Leur société

Société Générale : Qui a creusé le trou ?

4,9 milliards d'euros : telle est la somme astronomique que la Société Générale viendrait de perdre du fait des agissements d'un de ses salariés, un " trader " du nom de Jérôme Kerviel. Selon les premiers éléments de l'enquête, il semblerait que celui-ci ait déjoué les systèmes de contrôle informatiques, pour se livrer à des spéculations sur un montant de 50 milliards d'euros, soit à peu près l'équivalent des fonds propres de la banque.

La Société Générale aimerait, pour se dédouaner, faire croire qu'il s'agit là du geste d'un individu suffisamment machiavélique pour contourner des garde-fou pourtant fiables. Son PDG, Daniel Bouton, a qualifié Jérôme Kerviel d'" escroc ", de " fraudeur " et pire encore de " terroriste ". Rien de moins. Quant au gouvernement, il s'est empressé pour les mêmes raisons de défendre, lui aussi, l'hypothèse de l'acte isolé et d'appuyer la version de la direction de la banque.

Pourtant, dès l'affaire connue, des spécialistes financiers ont exprimé leur scepticisme sur la sincérité de l'indignation des dirigeants de la Société Générale, ainsi que sur la possibilité qu'un jeune courtier ait pu, à lui seul, et en secret, échafauder une telle opération. La banque ayant par ailleurs officiellement déclaré avoir accumulé deux milliards d'euros de pertes dans la crise des " subprimes " américaines, elle aurait pu saisir l'opportunité et profiter de cette affaire pour faire diversion et faire passer ses pertes (en réalité plus massives que les deux milliards avoués) pour le résultat d'une escroquerie, en faisant porter le chapeau à un lampiste plutôt qu'avoir à rendre des comptes sur sa gestion.

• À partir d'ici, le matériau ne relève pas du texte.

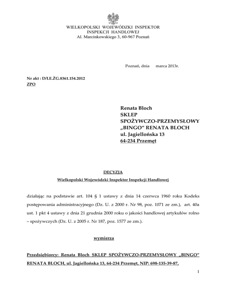 WIELKOPOLSKI WOJEWÓDZKI INSPEKTOR INSPEKCJI HANDLOWEJ Al. Marcinkowskiego 3, 60-967 Poznań Poznań, dnia marca 2013r. Nr akt : D/LE.ŻG.8361.154.2012 ZPO Renata Bloch SKLEP SPOŻYWCZO-PRZEMYSŁOWY „BINGO” RENATA BLOCH ul. Jagiellońska 13 64-234 Przemęt DECYZJA Wielkopolski Wojewódzki Inspektor Inspekcji Handlowej działając na podstawie art. 104 § 1 ustawy z dnia 14 czerwca 1960 roku Kodeks postępowania administracyjnego (Dz. U. z 2000 r. Nr 98, poz. 1071 ze zm.), art. 40a ust. 1 pkt 4 ustawy z dnia 21 grudnia 2000 roku o jakości handlowej artykułów rolno – spożywczych (Dz. U. z 2005 r. Nr 187, poz. 1577 ze zm.). wymierza Przedsiębiorcy: Renata Bloch SKLEP SPOŻYWCZO-PRZEMYSŁOWY „BINGO” RENATA BLOCH, ul. Jagiellońska 13, 64-234 Przemęt, NIP: 698-135-39-87, 1 karę pieniężną w wysokości 700,00 zł. (słownie: siedemset złotych), wynikającą z art. 40a ust. 1 pkt 4 ustawy z dnia 21 grudnia 2000 r. o jakości handlowej artykułów rolno- spożywczych (Dz. U. z 2005 r. Nr 187, poz. 1577 ze zm.), z tytułu wprowadzenia do obrotu handlowego w dniu kontroli tj. w dniu 7 sierpnia 2012 roku w sklepie w Przemęcie, ul. Jagiellońska 13, 64-234 Przemęt, przedsiębiorca: Renata Bloch SKLEP SPOŻYWCZO-PRZEMYSŁOWY „BINGO” RENATA BLOCH, ul. Jagiellońska 13, 64-234 Przemęt, artykułów rolnospożywczych nieodpowiadających jakości handlowej określonej w przepisach o jakości handlowej to jest: partia 10kg filetów z mintaja b/skóry mrożonego glazurowanego, w cenie 9,99zł/kg, importer: P. W. WALDI Sp. z o.o., Sp. k., ul. Krasickiego 15, 64-000 Kościan, z uwagi na: brak informacji dotyczącej ilościowej zawartości glazury, bądź ryby co stanowi naruszenie §17 ust. 1 pkt 3 rozporządzenia Ministra Rolnictwa i Rozwoju Wsi z dnia 10 lipca 2007 roku w sprawie znakowania środków spożywczych (Dz. U. Nr 137, poz. 966), partia 1kg, kiełbasy grillowej chrzanowej, w cenie 12,99zł/kg, producent: JOHN Zakład Mięsny, ul. Źródlana 5, Grotniki, 64-140 Włoszakowice, z uwagi na: brak w miejscu sprzedaży informacji dotyczącej wykazu składników co stanowi naruszenie §17 ust. 1 pkt 2 rozporządzenia Ministra Rolnictwa i Rozwoju Wsi z dnia 10 lipca 2007 roku w sprawie znakowania środków spożywczych (Dz. U. Nr 137, poz. 966), brak informacji o zawartości składników mięsnych co stanowi 2 naruszenie art. 7 ust. 2 ustawy z 21 grudnia 2000 roku o jakości handlowej artykułów rolno- spożywczych, partia 1 kg „Sokoliki”, parówek w cenie drobiowo-cielęcych 14,99zł/kg, wędzonych, producent parzonych SOKOŁÓW S.A., Al. 550-lecia 1, 08-300 Sokołów Podlaski, z uwagi na: brak w miejscu sprzedaży nazwy wyrobu, a także brak informacji dotyczącej wykazu składników co stanowi naruszenie §17 ust 1 pkt 2 rozporządzenia Ministra Rolnictwa i Rozwoju Wsi z dnia 10 lipca 2007 roku w sprawie znakowania środków spożywczych (Dz. U. Nr 137, poz. 966), partia 2 op. wyrobu blokowego, wysokowydajnego „Obkładu wiejskiego”, w cenie 8,31zł/op., producent: JOHN Zakład Mięsny, ul. Źródlana 5, Grotniki, 64-140 Włoszakowice, z uwagi na: brak określenia masy netto produktu, a także brak określenia procentowej zawartości składnika mięsnego co stanowi naruszenie §2 ust. 1 pkt 6 oraz §9 ust. 1 pkt 3 rozporządzenia Ministra Rolnictwa i Rozwoju Wsi z dnia 10 lipca 2007 roku w sprawie znakowania środków spożywczych (Dz. U. Nr 137, poz. 966). Kontrolowany wprowadził zatem do obrotu artykuły rolno-spożywcze nieodpowiadające jakości handlowej określonej w przepisach o jakości handlowej co skutkuje zastosowaniem art. 40a ust. 1 pkt 3 ustawy o jakości handlowej artykułów rolno-spożywczych (Dz. U. z 2005, Nr 187 poz. 1577 ze zm.). „Kto wprowadza do obrotu artykuły rolno-spożywcze nieodpowiadające jakości handlowej określonej w przepisach o jakości handlowej lub deklarowanej przez producenta w oznakowaniu tych artykułów, podlega karze pieniężnej w wysokości do pięciokrotnej wartości korzyści majątkowej uzyskanej lub która mogłaby zostać 3 uzyskana przez wprowadzenie tych artykułów rolno- spożywczych do obrotu, nie niższej jednak niż 500 zł.”. Uzasadnienie Podczas kontroli przeprowadzonej przez Wojewódzki Inspektorat Inspekcji Handlowej w Poznaniu Delegaturę w Lesznie, w dniach od 31 lipca do 7 sierpnia 2012 roku w sklepie w Przemęcie, ul. Jagiellońska 13, 64-234 Przemęt, przedsiębiorca: Renata Bloch SKLEP SPOŻYWCZO-PRZEMYSŁOWY „BINGO” RENATA BLOCH, ul. Jagiellońska 13, 64-234 Przemęt, stwierdzono nieprawidłowe oznakowanie 3 partii towarów luzem oraz 1 partii towarów w opakowaniach jednostkowych to jest: partia 10kg filetów z mintaja b/skóry mrożonego glazurowanego, w cenie 9,99zł/kg, importer: P. W. WALDI Sp. z o.o., Sp. k., ul. Krasickiego 15, 64-000 Kościan, z uwagi na: brak informacji dotyczącej ilościowej zawartości glazury, bądź ryby co stanowi naruszenie §17 ust. 1 pkt 3 rozporządzenia Ministra Rolnictwa i Rozwoju Wsi z dnia 10 lipca 2007 roku w sprawie znakowania środków spożywczych (Dz. U. Nr 137, poz. 966), partia 1kg, kiełbasy grillowej chrzanowej, w cenie 12,99zł/kg, producent: JOHN Zakład Mięsny, ul. Źródlana 5, Grotniki, 64-140 Włoszakowice, z uwagi na: brak w miejscu sprzedaży informacji dotyczącej wykazu składników co stanowi naruszenie §17 ust. 1 pkt 2 rozporządzenia Ministra Rolnictwa i Rozwoju Wsi z dnia 10 lipca 2007 roku w sprawie znakowania środków spożywczych (Dz. U. Nr 4 137, poz. 966), brak informacji o zawartości składników mięsnych co stanowi naruszenie art. 7 ust. 2 ustawy z 21 grudnia 2000 roku o jakości handlowej artykułów rolno- spożywczych, partia 1 kg „Sokoliki”, parówek w drobiowo-cielęcych cenie 14,99zł/kg, wędzonych, producent parzonych SOKOŁÓW S.A., Al. 550- lecia 1, 08-300 Sokołów Podlaski, z uwagi na: brak w miejscu sprzedaży nazwy wyrobu, a także brak informacji dotyczącej wykazu składników co stanowi naruszenie

En tout cas, parmi les dirigeants de la banque, il y en a qui ont eu le nez creux - ou de bonnes informations - puisqu'un des membres du conseil d'administration a vendu 85,7 millions d'euros d'actions le 9 janvier, deux semaines avant l'annonce publique des pertes massives.

On ne saura peut-être jamais le fin mot de l'histoire ; l'univers des produits financiers est si enchevêtré qu'une chatte n'y retrouverait pas ses petits. Et ce ne sont pas quelques inspecteurs de la Brigade financière, si bien intentionnés soient-ils, qui pourront démêler un écheveau soigneusement assemblé par des centaines de professionnels compétents de manière à ce que soit préservée l'opacité propre à cette branche florissante de l'économie capitaliste.

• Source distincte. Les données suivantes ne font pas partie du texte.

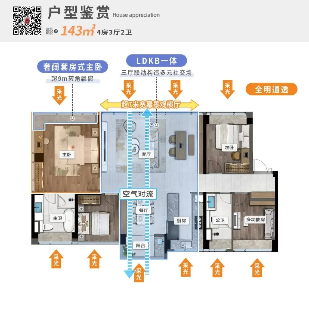 建面约143㎡4房3厅2卫户型,则是尺度感十足的新标杆。25.8米超级海景面,远眺山海、近享森意,山海融入人生。

En attendant, la déposition de Kerviel pendant sa garde à vue a commencé à jeter un rai de lumière sur les pratiques courantes dans le milieu des traders. C'est en effet dans le but de glaner une prime annuelle de 300 000 euros que Jérôme Kerviel aurait échafaudé son opération, lui qui avec ses 50 000 euros annuels de salaire de base n'était qu'un sans-grade de la profession. Il a assuré aux enquêteurs, ce que l'on n'a pas de mal à croire, que les pratiques telles que le dépassement des sommes autorisées étaient courantes et que bien des traders, dans toutes les banques, procèdent de la même manière avec l'assentiment tacite de leur hiérarchie. Quand l'un d'eux échoue, cela fait les gros titres, mais les autres sont récompensés.

Jérôme Kerviel est désigné comme la brebis galeuse. Mais personne ne met en cause l'honorabilité des gros actionnaires qui, quand tout se passe bien, encaissent la plus grosse part, et de loin, de l'activité des traders.